PROBLEM DESCRIPTION: Starting at the top line and ending at the bottom one, repeat the entries exactly and drop every picture.

EXERCISE INPUTS:
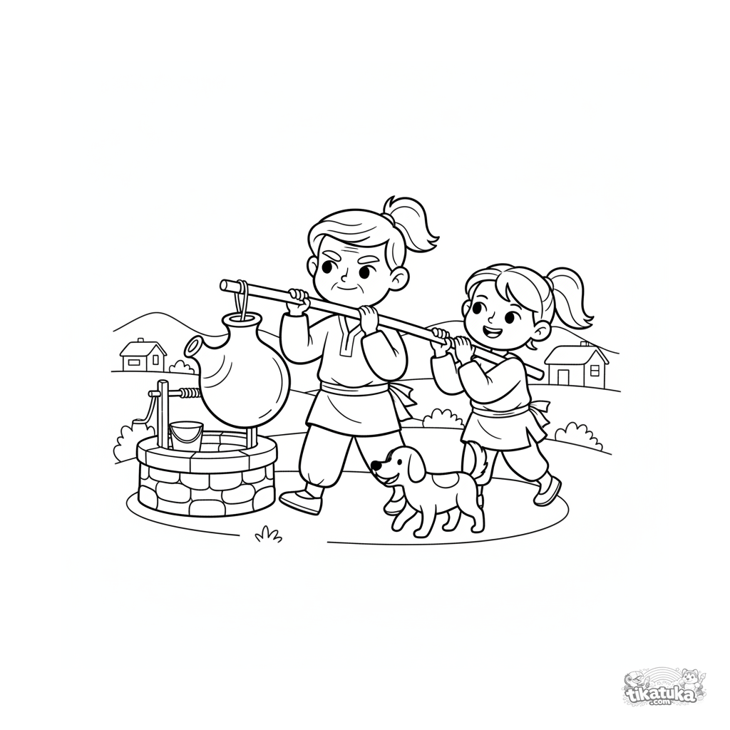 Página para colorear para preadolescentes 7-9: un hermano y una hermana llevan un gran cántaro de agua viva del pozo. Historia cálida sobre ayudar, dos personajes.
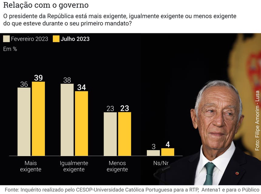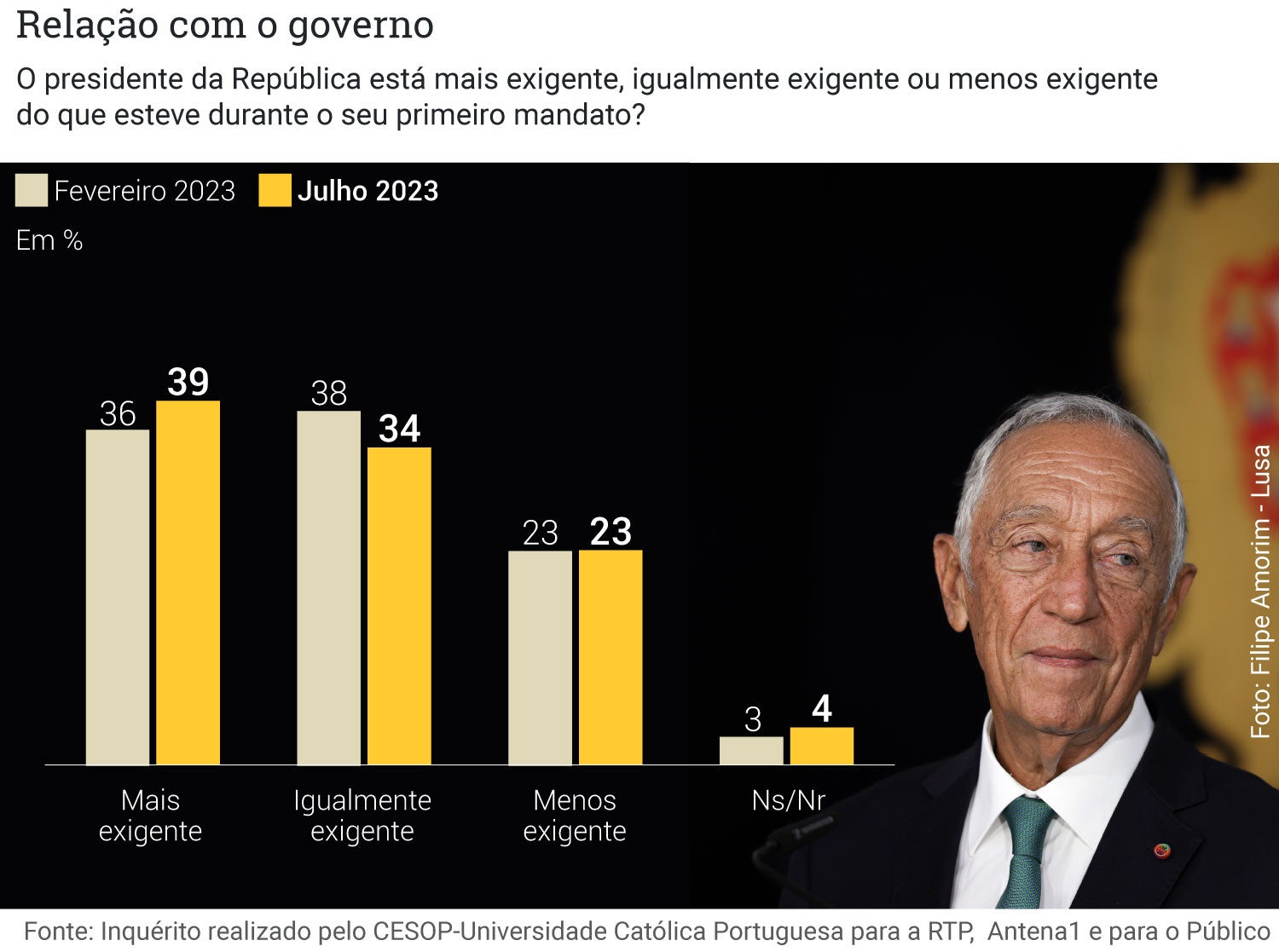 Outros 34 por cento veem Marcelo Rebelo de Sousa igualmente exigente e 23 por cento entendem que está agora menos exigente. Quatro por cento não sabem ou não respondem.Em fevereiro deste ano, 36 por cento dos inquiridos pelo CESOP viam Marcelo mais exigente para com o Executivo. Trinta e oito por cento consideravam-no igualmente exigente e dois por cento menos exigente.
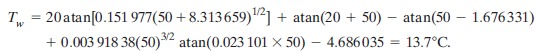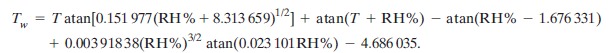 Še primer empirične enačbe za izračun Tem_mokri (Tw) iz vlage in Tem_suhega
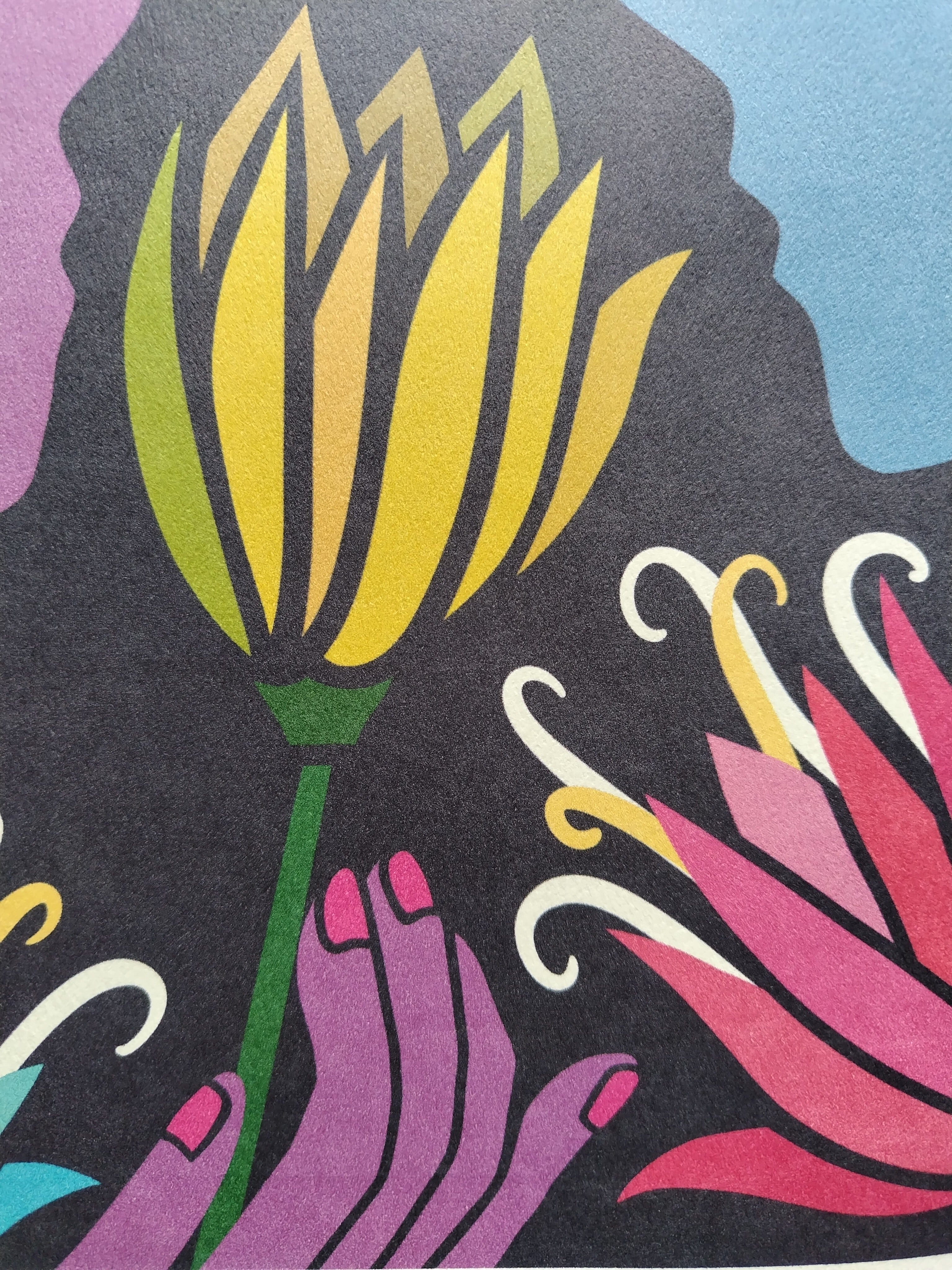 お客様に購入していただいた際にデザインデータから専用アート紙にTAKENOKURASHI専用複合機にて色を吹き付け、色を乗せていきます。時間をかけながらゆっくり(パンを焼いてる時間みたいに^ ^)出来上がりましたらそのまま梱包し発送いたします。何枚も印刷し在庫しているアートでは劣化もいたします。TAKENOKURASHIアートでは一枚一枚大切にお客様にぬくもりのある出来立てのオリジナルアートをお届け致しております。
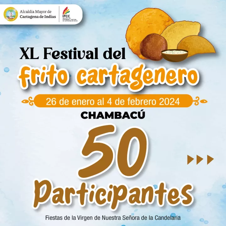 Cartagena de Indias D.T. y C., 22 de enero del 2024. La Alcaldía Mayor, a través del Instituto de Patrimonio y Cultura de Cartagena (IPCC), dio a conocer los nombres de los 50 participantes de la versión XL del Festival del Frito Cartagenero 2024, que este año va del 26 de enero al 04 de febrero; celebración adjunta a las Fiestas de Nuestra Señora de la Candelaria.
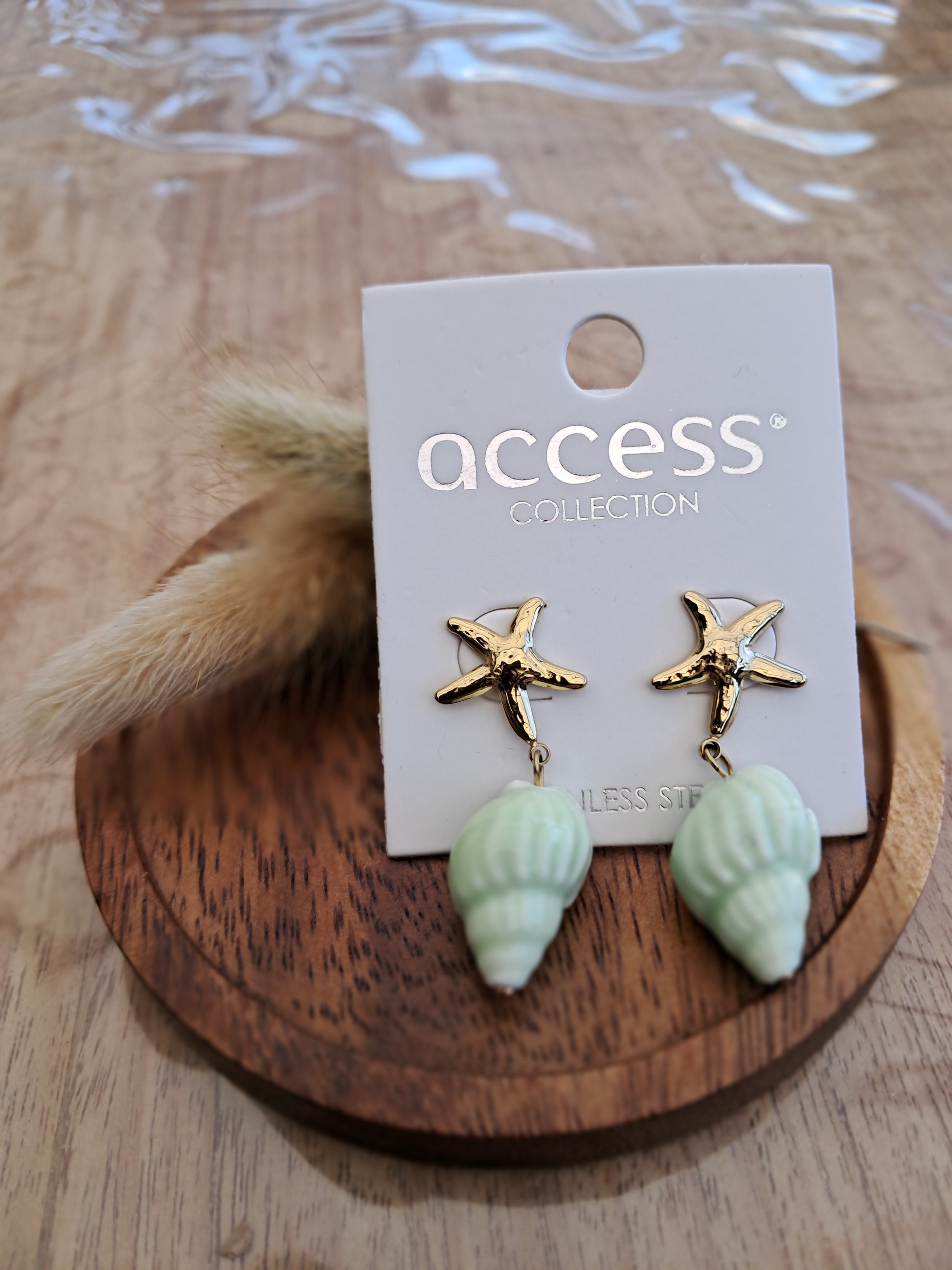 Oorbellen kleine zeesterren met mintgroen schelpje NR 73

SOLUTION TO THIS TASK:
 Página para colorear para preadolescentes 7-9: un hermano y una hermana llevan un gran cántaro de agua viva del pozo. Historia cálida sobre ayudar, dos personajes.
 Outros 34 por cento veem Marcelo Rebelo de Sousa igualmente exigente e 23 por cento entendem que está agora menos exigente. Quatro por cento não sabem ou não respondem.Em fevereiro deste ano, 36 por cento dos inquiridos pelo CESOP viam Marcelo mais exigente para com o Executivo. Trinta e oito por cento consideravam-no igualmente exigente e dois por cento menos exigente.
 Še primer empirične enačbe za izračun Tem_mokri (Tw) iz vlage in Tem_suhega
 お客様に購入していただいた際にデザインデータから専用アート紙にTAKENOKURASHI専用複合機にて色を吹き付け、色を乗せていきます。時間をかけながらゆっくり(パンを焼いてる時間みたいに^ ^)出来上がりましたらそのまま梱包し発送いたします。何枚も印刷し在庫しているアートでは劣化もいたします。TAKENOKURASHIアートでは一枚一枚大切にお客様にぬくもりのある出来立てのオリジナルアートをお届け致しております。
 Cartagena de Indias D.T. y C., 22 de enero del 2024. La Alcaldía Mayor, a través del Instituto de Patrimonio y Cultura de Cartagena (IPCC), dio a conocer los nombres de los 50 participantes de la versión XL del Festival del Frito Cartagenero 2024, que este año va del 26 de enero al 04 de febrero; celebración adjunta a las Fiestas de Nuestra Señora de la Candelaria.
 Oorbellen kleine zeesterren met mintgroen schelpje NR 73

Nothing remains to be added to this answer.